• Supplied data:
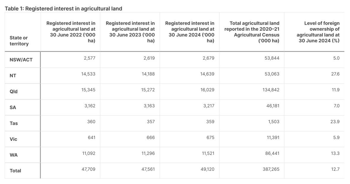 Using the ABS 2020–21 Agricultural Census measure of agricultural land in Australia, the overall proportion of agricultural land with a level of foreign ownership was 12.7pc at the end of June 2024, compared to 12.3pc a year earlier.
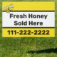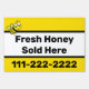 This yard sign has a bee at the top. In the center, there's black display text you can edit if desired. (Shown: Fresh Honey Sold Here) At the bottom, you can replace the display phone number with your telephone number.
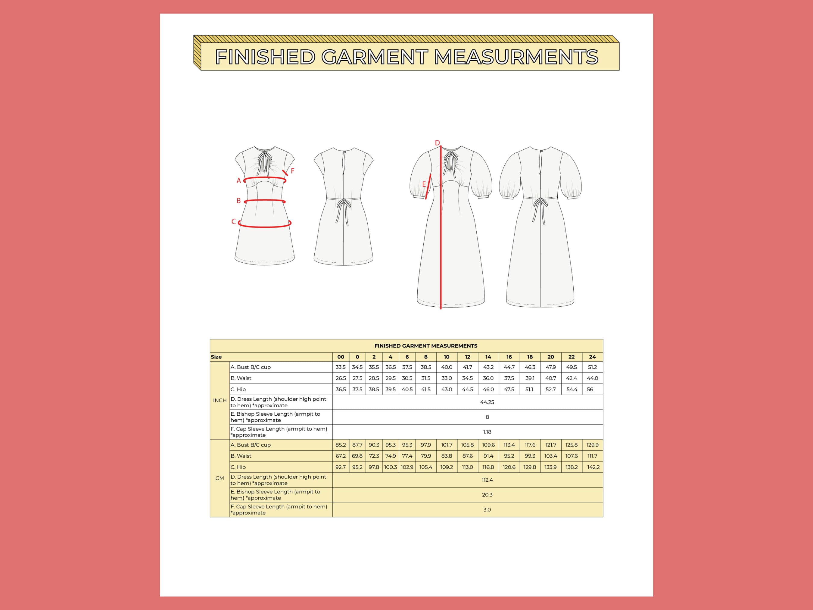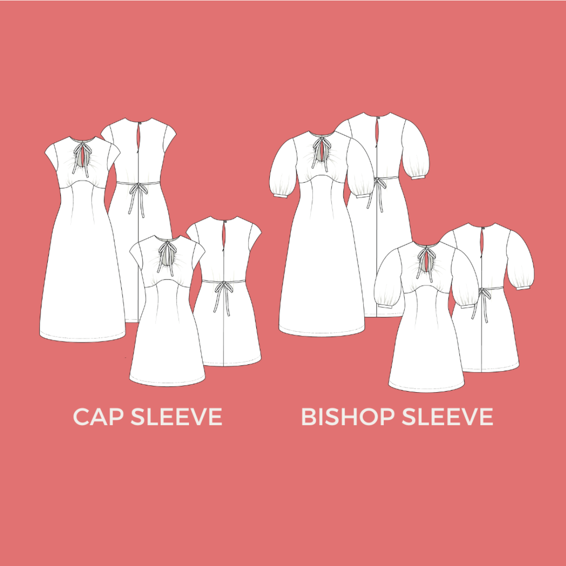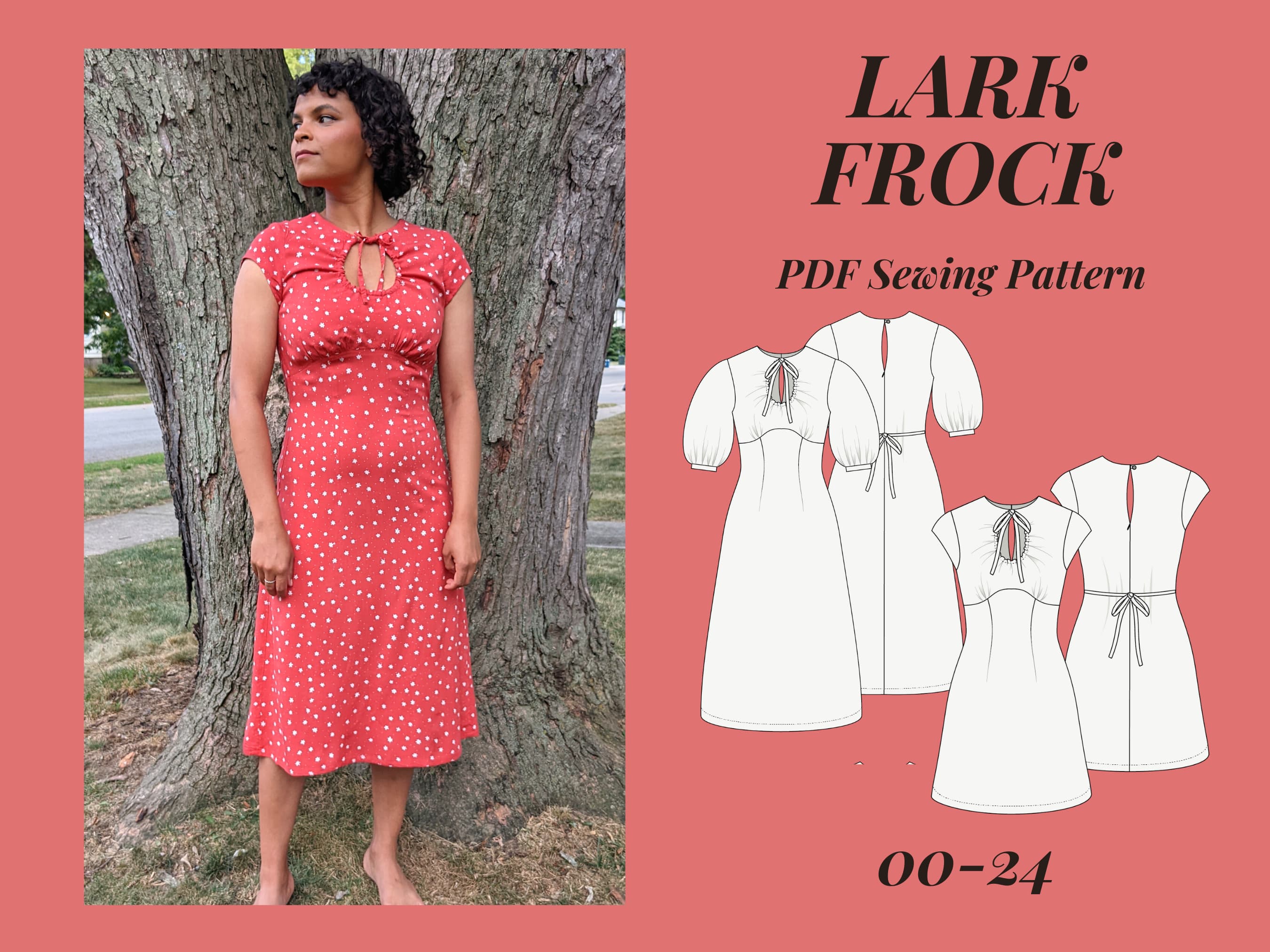 The Lark Frock features a front bodice drawstring keyhole and a gently gathered curved bust line. It has a slim A-line skirt with room in the back for comfort and waist ties to cinch your waist if desired. The back also features a buttoned keyhole at the neck and there is an optional dart if you want a cinched back waist. You can decide between a bishop 3/4 sleeve or cap sleeve. The pattern includes both a calf length and an above-the-knee length. And to make this all season appropriate there are instructions for how to make a full length bishop and fitted sleeve in the Read-First file.

• Work task: Pictures excluded, copy the lines exactly from where the material starts to the line with "This yard sign", inclusive.

• Completed task:
 Using the ABS 2020–21 Agricultural Census measure of agricultural land in Australia, the overall proportion of agricultural land with a level of foreign ownership was 12.7pc at the end of June 2024, compared to 12.3pc a year earlier.
 This yard sign has a bee at the top. In the center, there's black display text you can edit if desired. (Shown: Fresh Honey Sold Here) At the bottom, you can replace the display phone number with your telephone number.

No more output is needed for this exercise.